RACHITT: Gene Family Shuffling by Random Chimeragenesis on Transient Templates

Random Chimeragenesis on Transient Templates (RACHITT) has been used to create libraries averaging 12 (1 ) or even 19 (L. Encell, unpublished) crossovers per gene in a single round of gene family shuffling. RACHITT creates chimeric genes by aligning parental gene “donor” fragments on a full-length DNA template (1 ). The heteroduplexed top strand fragments are stabilized on the template by a single, long annealing step, taking advantage of full length binding by each fragment, rather than the binding of smaller overlaps, and by carrying out reactions at relatively high ionic strength. Fragments containing unannealed 5′ or 3′-termini are incorporated after flap trimming using the endo and exonucleolytic activities of Taq DNA polymerase and Pfu polymerase, respectively.
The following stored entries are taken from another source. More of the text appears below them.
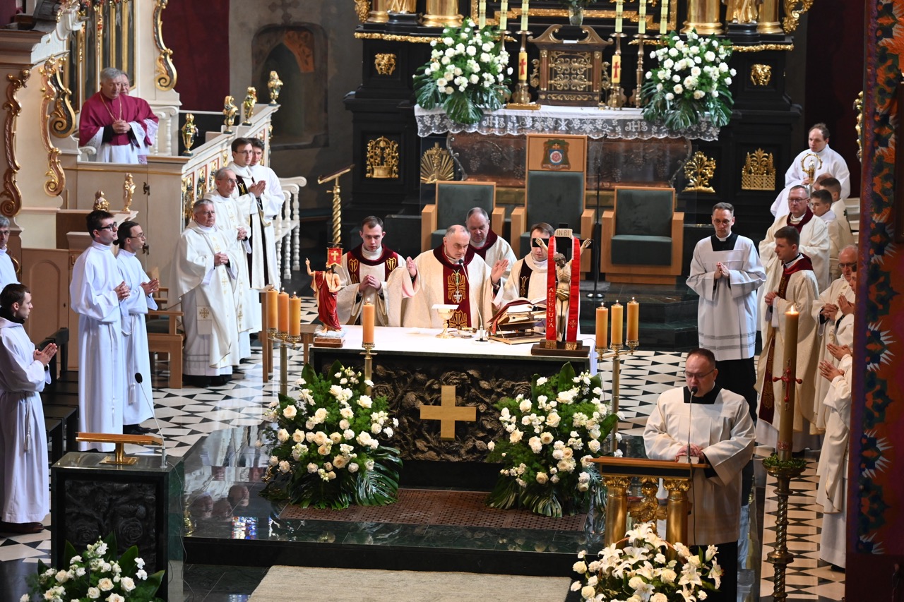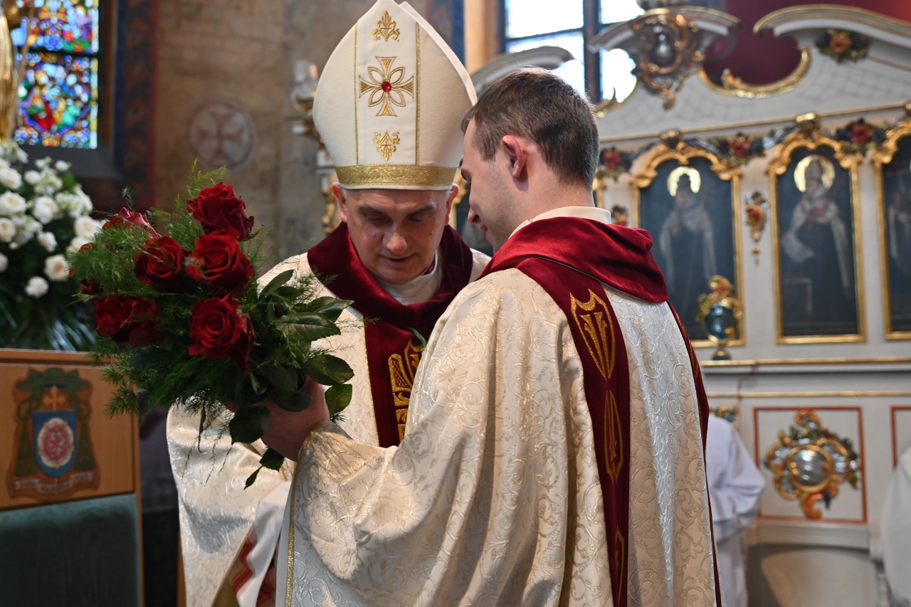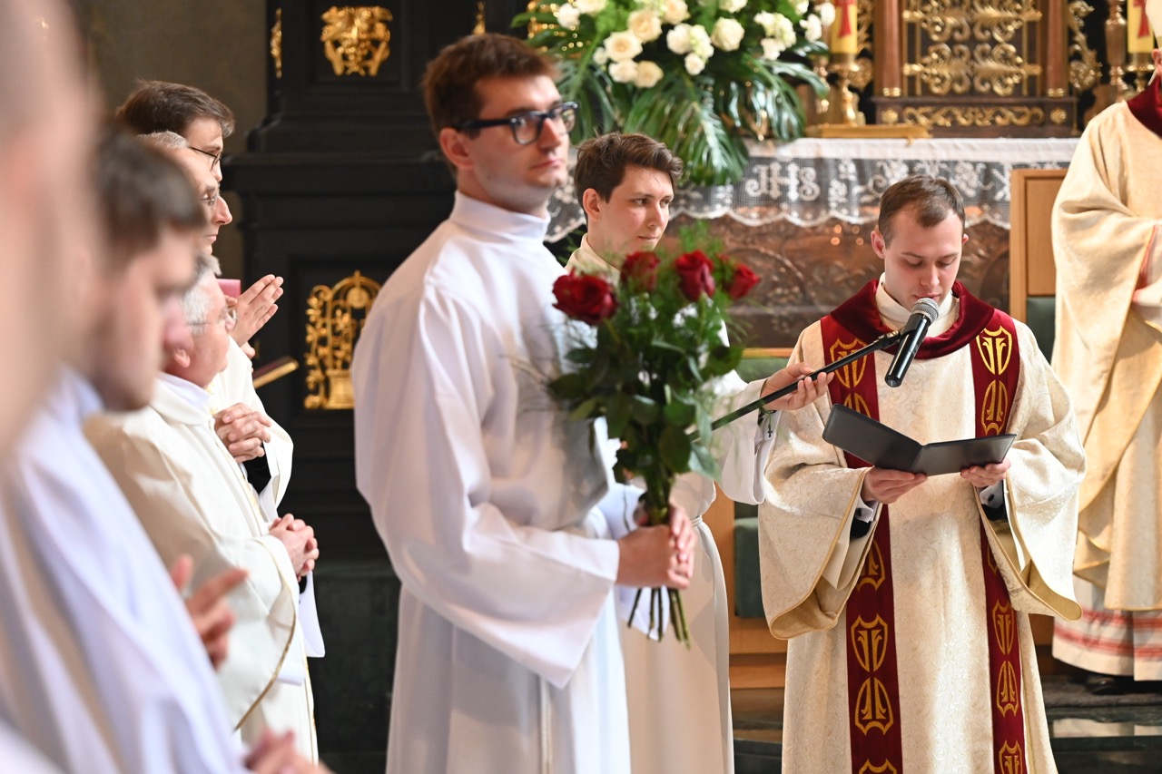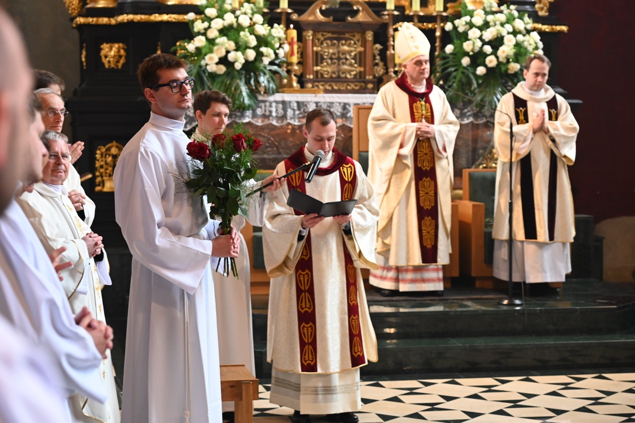 Diakon – jak zauważył biskup – staje przy Krzyżu Chrystusa, by dawać świadectwo wiary. Młody sługa Chrystusa – zaznaczył – ma prowadzić ludzi do nieba, wartości nadprzyrodzonych. Ma to odbywać się nie przez slogany, lecz przez świadectwo. – Kandydat do święceń diakonatu, przedstawiony wspólnocie Kościoła, odpowiada: „Jestem”. Jest to forma odpowiedzi na Boże powołanie i wyrażenie gotowości do pójścia tam, gdzie posyła Chrystus, by nieść posłanie nadziei. Obok nas jest wiele dobra i piękna, jak piękno tego młodzieńczego diakońskiego serca, które włączy się w rozsiewanie nadziei w świecie – dodał.
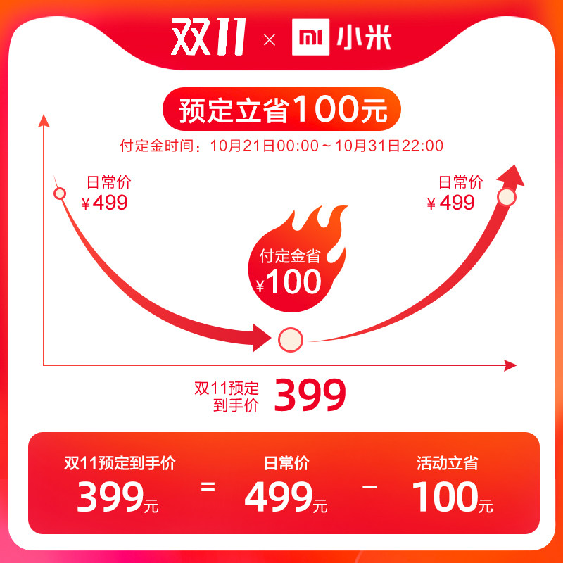 天猫小米官方旗舰店付定金预售,1日付尾款,预计到手价399元包邮,近期好价,感兴趣的买买可以关注。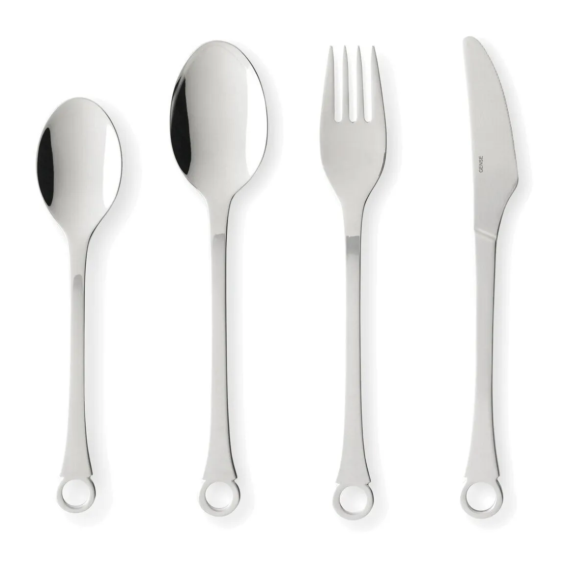 Das Besteck-Set Pantry von begeistert durch seinen charmanten Look, der aus gebürstetem und glänzendem Edelstahl besteht. Das „Auge“ am Ende des Stiels bleibt in Erinnerung und ermöglicht das Aufhängen des Bestecks, wie in Schiffsküchen üblich und nötig.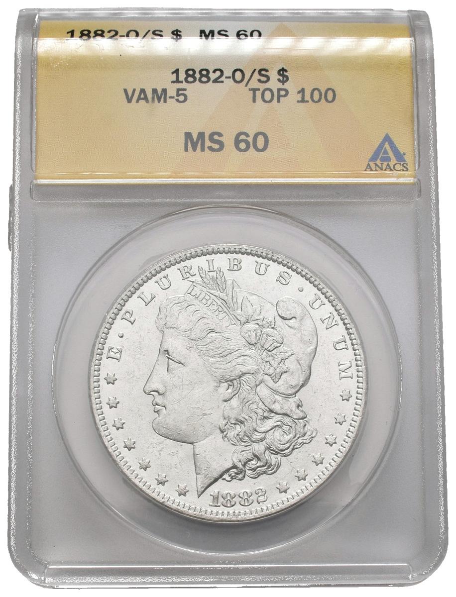 ESTADOS UNIDOS. 1 Dollar (Ar. 26,73g/38mm)*. 1882. Nueva Orleans/San Francisco O/S. (Km#110). MS 60, VAM-5 TOP 100. Encapsulado por ANACS. *Peso y medida teórico.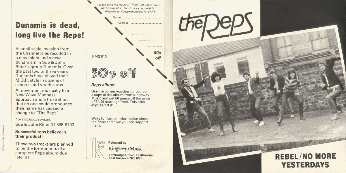 “Rebel” – b/w “No More Yesterdays” – is a two-sided 7-inch vinyl single by the British pop/rock/new wave combo The Reps, released on Kingsway Music in 1980 (catalogue number KMS 910). According to a note on the back of the single cover, “these two tracks are planned to be the forerunners of a complete Reps album due late ’81.” Their full-length album, entitled Bad Boy at School, was released by Kingsway in 1983.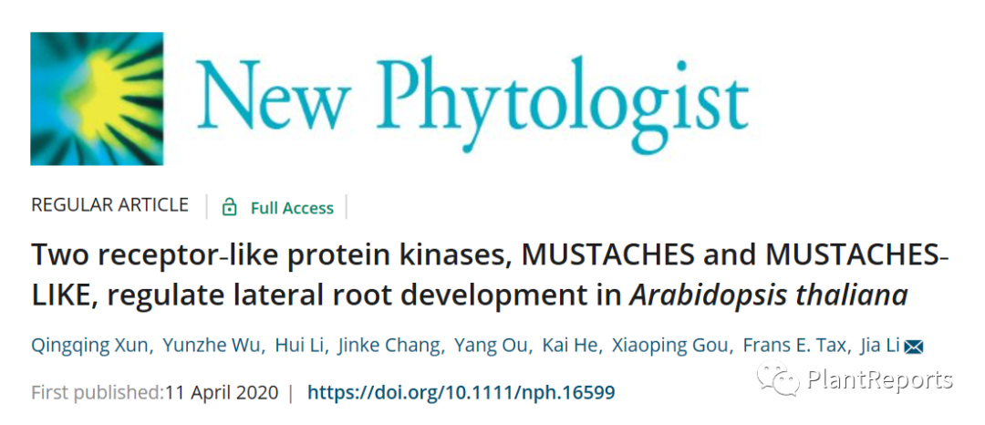 近日,New Phytologist 在线发表了兰州大学黎家教授课题组题为“Two receptor‐like protein kinases, MUSTACHES and MUSTACHES-LIKE, regulate lateral root development in Arabidopsis thaliana”的研究论文。该研究鉴定了两个类受体蛋白激酶,并揭示了生长素信号通过它们调控拟南芥侧根发育的机制。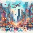 A vibrant city scene featuring tall skyscrapers under a colorful sky. An airplane soars above a bustling street with cars and pedestrians, capturing a lively urban atmosphere in watercolor.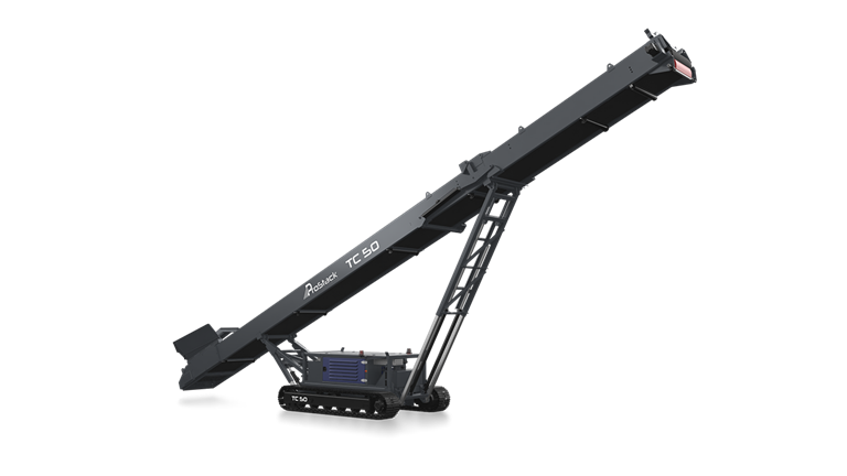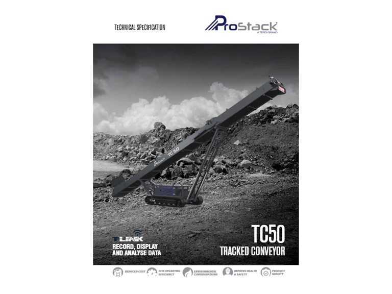 The ProStack TC 50 is a 50' (15m) long tracked stacker conveyor that is highly portable and well suited to aggregate and quarrying applications.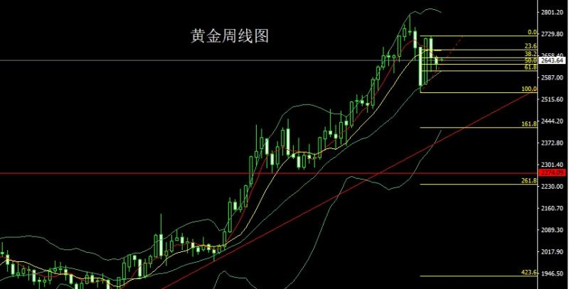 上周黄金市场周初开盘在2652.7的位置后行情直接回落,给出2621的位置后行情拉升,周线最高触及到了2657的位置后行情回落,周五周线最低给到了2613的位置后尾盘拉升,周线最终收线在了2632.6的位置后,周线以一根下影线很长的中阴线收线,而这样的形态收尾后,本周市场高开后行情回踩低多,点位上,今日2625多止损2620,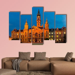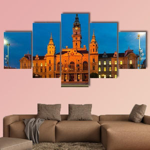 Gyor City Hall at Night features the town hall and its clock tower beneath a calm evening sky, the ornate facade lit by glowing windows. Rendered realistically in blues, oranges and warm yellows, the image has a grand, historic and peaceful mood that suits modern or historic-inspired interiors.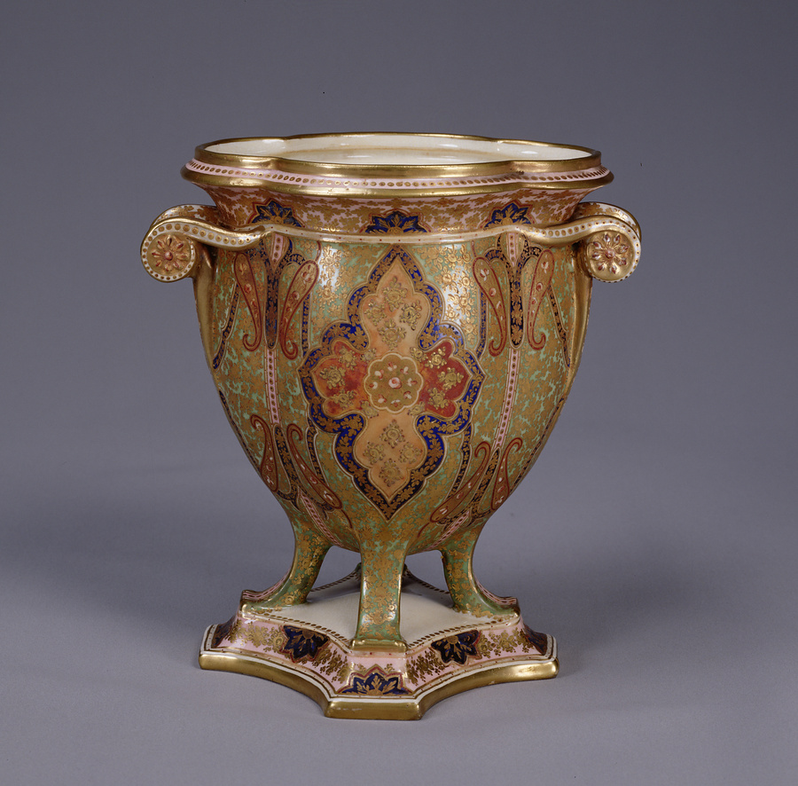 金彩で華やかに飾られた脚付きの深い容器。底部の銘から、イギリスのコールポート窯で焼かれた作品であることが分かる。コールポートは18世紀末に開かれた窯で、マイセンやセーブルの流行を取り入れた磁器の生産で人気を集めた。

After gap filling and ligation, the template, which was synthesized with uracils in place of thymidine, is rendered non-amplifiable by uracil-DNA glycosylase (UDG) treatment. Other methods of DNA shuffling by gene fragmentation and reassembly can result in reconstitution of one or all of the parental genes at unacceptably high frequencies in the final shuffled library (2 –4 ). Libraries with limited diversity owing to low numbers of crossovers can also result (3 ,5 ,6 ). Both of these problems result because the hybridization of perfectly matching top and bottom strand fragments from the same gene are preferred over the heteroduplex hybridizations that lead to crossovers between genes (3 ).